If there no OCSP/revocation mechanism in place, limit the certificate trust. Do not make all of your components trust a single internal CA that issued all the certificates. Establish the trust at the individual interfaces level (e.g., server A communicates with the server B, so the server A needs to trust the cert from the server B but not its CA).
Automation is the only viable and reliable way to implement a truly secure certificate management processes. Automation allows for frequent certificate/key rotation, easy enforcement of all the certificate policies (including the ones described in this document), full visibility and control.
An automated process ideally should provide all of the CA functions plus certificate distribution and installation.
The automated installation routine should allow for distributing a particular cert to all the instances (containers, VMs, etc.) constituting a given service.
Self-signed certs have no provenance. Anyone can create them. There is no CA to consult the validity of the cert (e.g., via OCSP). It is hard to enforce various policies for self-signed certs, such as the signature type, the key length, etc. Self-signed certs provide no audit trail and no journaling similar to the ones mandated by Google’s certificate transparency standard.
There are many security scanners that scan ports and pre-defined endpoints.
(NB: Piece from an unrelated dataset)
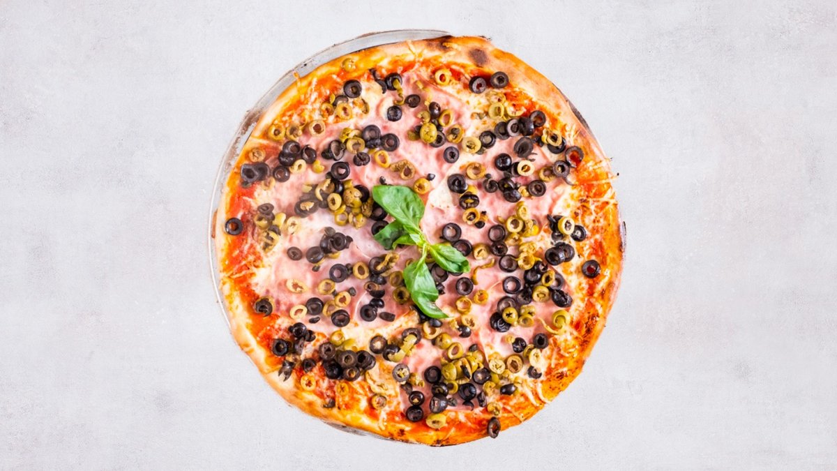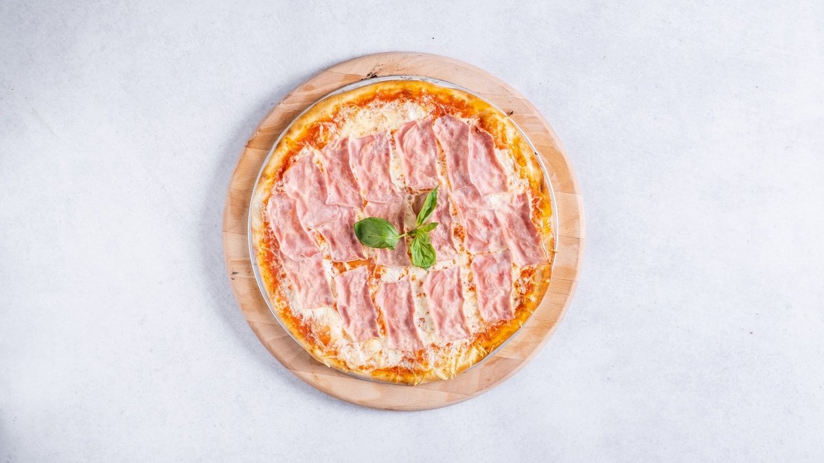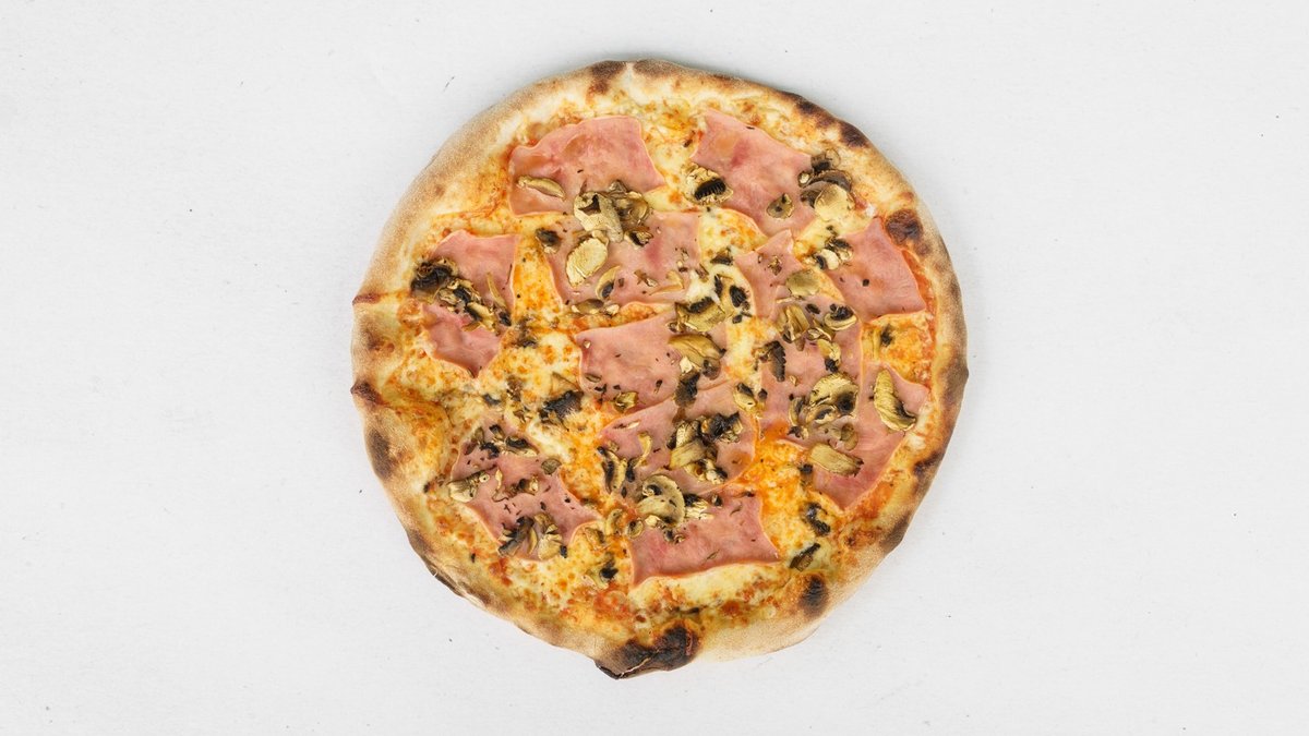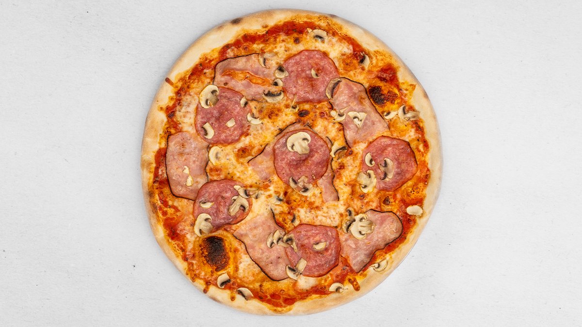 Rajčatové sugo, Mozzarela, Šunka, Žampiony čerstvé, Olivy mix, Eidam

However, it is also important to look inside Java keystores, PEM files and all the other artifacts containing crypto material that are bundled inside applications and may not be discoverable by a scanning process. For example, there is no way to identify SSL client certificates just by running an endpoint scanner.
Having a complete inventory of all active certificate/keys, including their location on disk, is extremely important. This allows for efficiently dealing with compromised certs, this is also the first step towards automating the certificate/key management process.
Many organizations have heavy-weight application/security scanning process which takes a while run. The result of the scan is often a voluminous report that takes a while to go through and act upon. Thus the scan runs infrequently.
Certificate scanning on the other hand can be very quick. It can also be paired with the automated refresh process so that the certificates/keys close to their expiration are automatically refreshed.
Many databases and messaging products use TLS over TCP (as opposed to HTTP). This includes SQL Server, Oracle, ActiveMQ, etc. It’s more difficult to checkOld TCP endpoints and some security scanners do not have good support for them.
Make sure that you have an inventory of all non-HTTP endpoints and their certificates; their scanning should be part of a regular scanning process.
Keys must always be protected by a password. Applications should not stored these passwords in plain text.
For Java/JVM-based applications, keystore files serve as the de-facto “secrets repository” (for better or worse). Please follow our keystore best practices for the specific recommendations on keystore management.
Root certificates/keys used for issuing other certificates must be guarded with special care, access to these files must be strictly controlled.
Certificates determine trust relationships between components, at least at the transport level. First and foremost, we need to understand the data flows in our system and regulate trust accordingly. Let’s say a service A invokes a service B, which in turn invokes a service C. “A” must trust the certificate from “B”, but not necessarily from “C”. If “C” is compromised, we don’t need to worry notifying “A” about the certificate revocation or about removing the compromised cert from “A” altogether.
Granted, it is much easier to deploy an internal CA cert to all services so that all trust all but this is certainly a less secure approach. This approach is advisable only if there is a solid internal certificate validation/revocation process in place.
When certificate deployment is fully automated, point-to-point trust at a service level is easily implemented .
Limit the number of CAs that you allow to trust by default. All Linux distros come pre-populated with many well-known public CAs and many Linux tools and applications blindly trust all the CAs from “/etc/ssl/certs”. Java clients trusts all public CAs by default (since they are contained in the “cacerts” default keystore).
For calls to internal components it is more secure to setup an internal CA and then permit trust only for certificates issued by that CA.
For external calls, establish trust at the domain (end entity level) as opposed to an CA that issued the end-entity’s certificate.